[Stored data]
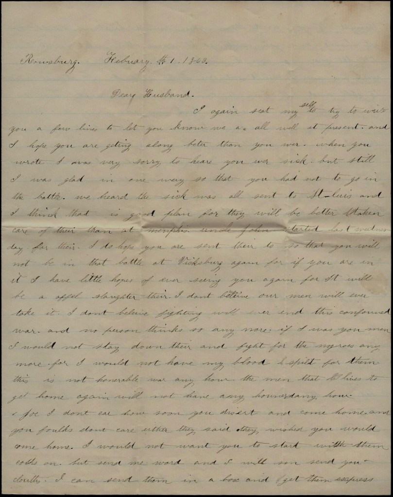 In this letter, Lizzie shares home-front information with her husband including the excitement raised between Union loyalists and secession sympathizers who were derisively called “Butternuts” or “Copperheads.” Her youthful exuberance relating social activity and local courtships is on full display as her husband is about to embark on an expedition down the Mississippi from Memphis to Young’s Point, opposite Vicksburg.
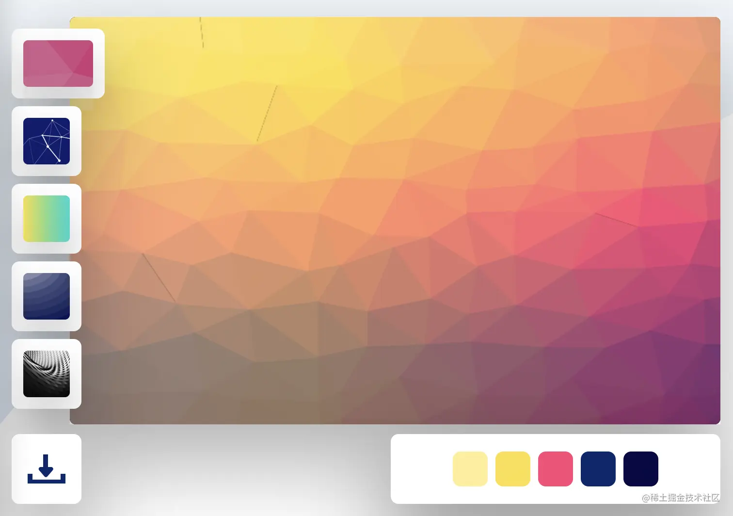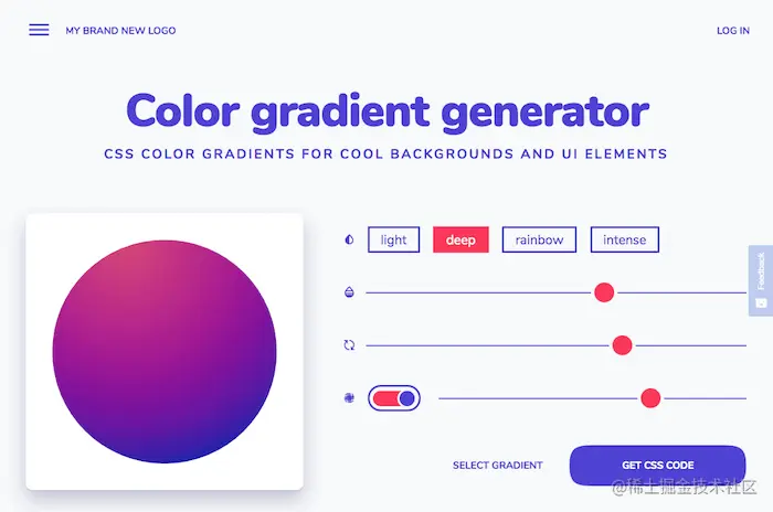 在色彩渐变算法的支持下,该生成器可以根据你选择的颜色创建均衡的渐变。有四种不同风格的渐变,从微妙到珍珠母效果和强烈的深色渐变。你可以用滑块调整渐变,一旦你对结果满意,就可以复制粘贴生成的CSS代码,在你的项目中使用它。很好!
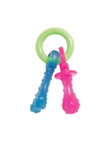 Este juguete de dentición cuenta con 2 chupetes en un anillo para mantener a su nuevo masticador entretenido y feliz. El material más blando es suave para los dientes del cachorro, mientras que las protuberancias masajean las encías para aliviar aún más la dentición. Este juguete está especialmente diseñado para la dentición de cachorros, no para cachorros poderosos o perros con sus dientes adultos. Con este chupete para perros enseñará a su nuevo mejor amigo hábitos saludables para toda la vida.
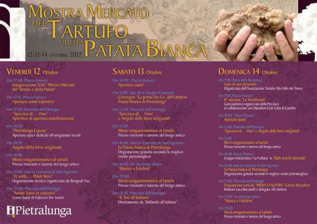 Ale. Chi. – Musica, folklore, mostre e degustazioni per festeggiare la patata bianca e il tartufo: accadrà a Pietralunga, da domani venerdì 12 ottobre fino a domenica 14. Si presenta così la 25esima Mostra mercato del tartufo e della patata bianca , che per tre giorni allieterà la vita tranquilla del borgo umbro.
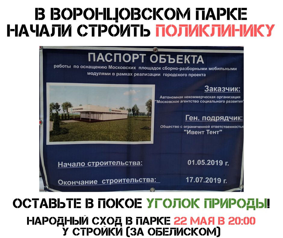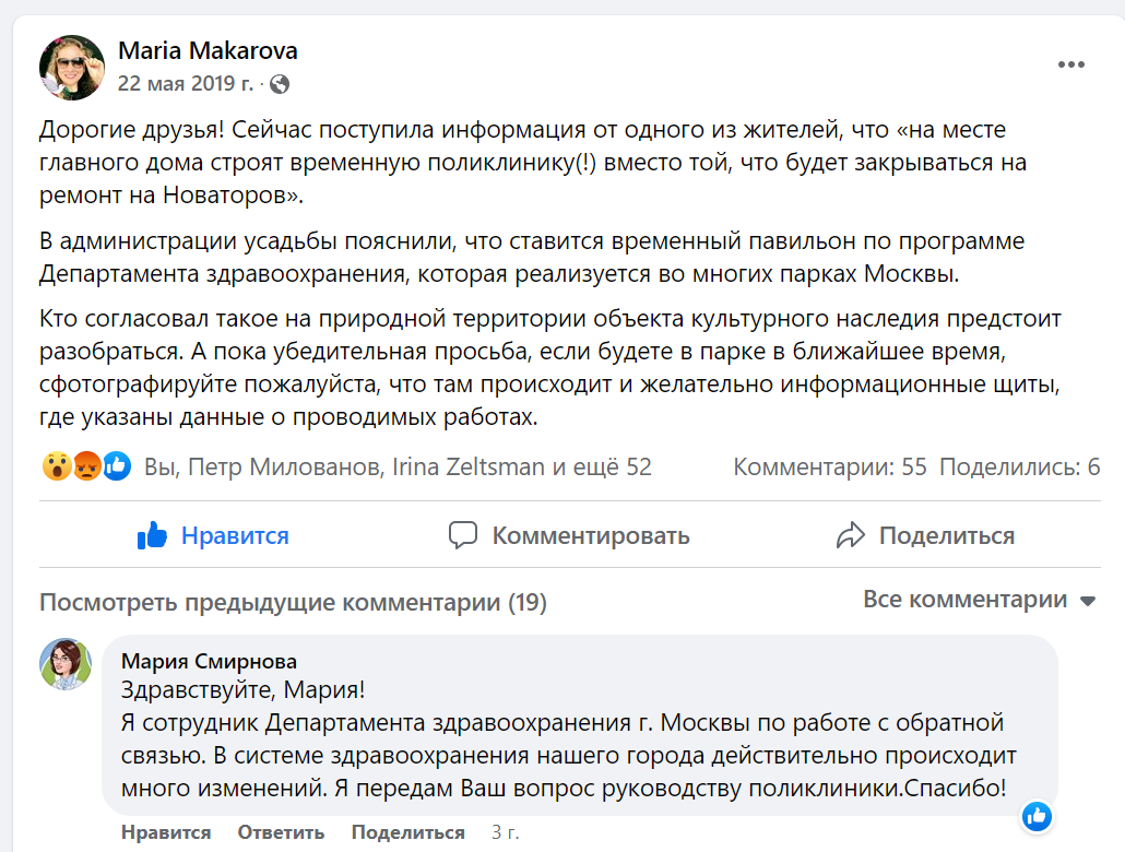 Однако, не очень понятно, что было делать дальше. У нас продолжалась долгая и трудная кампания по защите фруктового сада парка от вырубки под установку будки для ЛЭП. Начало в этих условиях еще одной большой кампании означало бы распыление и так скромных сил, поэтому мы решили ограничиться информированием жителей соседних районов с помощью публикаций в соцсетях, а также написанием обращений (с неприменным выкладыванием шаблонов в нашей группе) московским чиновникам.

**YOUR OBJECTIVE:** Your task is an exact transcription of all the data, minus the pictures.

**YOUR SOLUTION:**
 In this letter, Lizzie shares home-front information with her husband including the excitement raised between Union loyalists and secession sympathizers who were derisively called “Butternuts” or “Copperheads.” Her youthful exuberance relating social activity and local courtships is on full display as her husband is about to embark on an expedition down the Mississippi from Memphis to Young’s Point, opposite Vicksburg.
 在色彩渐变算法的支持下,该生成器可以根据你选择的颜色创建均衡的渐变。有四种不同风格的渐变,从微妙到珍珠母效果和强烈的深色渐变。你可以用滑块调整渐变,一旦你对结果满意,就可以复制粘贴生成的CSS代码,在你的项目中使用它。很好!
 Este juguete de dentición cuenta con 2 chupetes en un anillo para mantener a su nuevo masticador entretenido y feliz. El material más blando es suave para los dientes del cachorro, mientras que las protuberancias masajean las encías para aliviar aún más la dentición. Este juguete está especialmente diseñado para la dentición de cachorros, no para cachorros poderosos o perros con sus dientes adultos. Con este chupete para perros enseñará a su nuevo mejor amigo hábitos saludables para toda la vida.
 Ale. Chi. – Musica, folklore, mostre e degustazioni per festeggiare la patata bianca e il tartufo: accadrà a Pietralunga, da domani venerdì 12 ottobre fino a domenica 14. Si presenta così la 25esima Mostra mercato del tartufo e della patata bianca , che per tre giorni allieterà la vita tranquilla del borgo umbro.
 Однако, не очень понятно, что было делать дальше. У нас продолжалась долгая и трудная кампания по защите фруктового сада парка от вырубки под установку будки для ЛЭП. Начало в этих условиях еще одной большой кампании означало бы распыление и так скромных сил, поэтому мы решили ограничиться информированием жителей соседних районов с помощью публикаций в соцсетях, а также написанием обращений (с неприменным выкладыванием шаблонов в нашей группе) московским чиновникам.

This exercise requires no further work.